Metabolic syndrome is a term used to describe a cluster of
conditions that significantly increase the risk of developing type
2 diabetes and cardiovascular disease.
You may be 4 to 20 times more likely to have a heart attack if
you have conditions associated with metabolic syndrome than do
people without these conditions.
The conditions that make up metabolic syndrome can include
prediabetes or insulin resistance (impaired ability to use
insulin), obesity in the area around the waist (central obesity),
low levels of HDL ("good") cholesterol, high levels of
triglycerides (fats in the bloodstream) and high blood pressure.
Diagnosis involves the presence of three of these conditions.
Other conditions may also be present, such as type 2 diabetes,
hyperinsulinemia (excessive insulin in the blood),
hyperuricemia (excessive uric acid in the blood) and
microalbuminuria (small amounts of protein in the urine)

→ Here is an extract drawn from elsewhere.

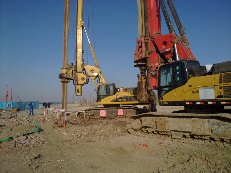 本工程共投入4臺旋挖鉆機(jī)、1套攪拌站、5臺50裝載機(jī)、4臺25噸吊車和4臺振沖器及其它配套施工機(jī)械設(shè)備,灌注樁共完成理論方量19169.7m3、振沖碎石樁理論方量13266m3。本工程試樁于2012年10月11日開始施工,12個(gè)日歷天完成。工程樁和振沖碎石樁于2013年1月2日正式開工,3月25日全部完成施工任務(wù)。

and. These disorders have additional risks. For example,
microalbuminuria indicates early-stage kidney dysfunction, and
hyperinsulinemia has been linked to conditions including gout,
kidney stones, blood clots and some types of cancer.
Obesity is often the tell-tale indicator of metabolic syndrome.
As a result, treatment programs often begin with programs designed
to help you lose weight, exercise regularly and modify your
diet.
There is a debate within the medical community about whether or
not metabolic syndrome should be classified as its own condition.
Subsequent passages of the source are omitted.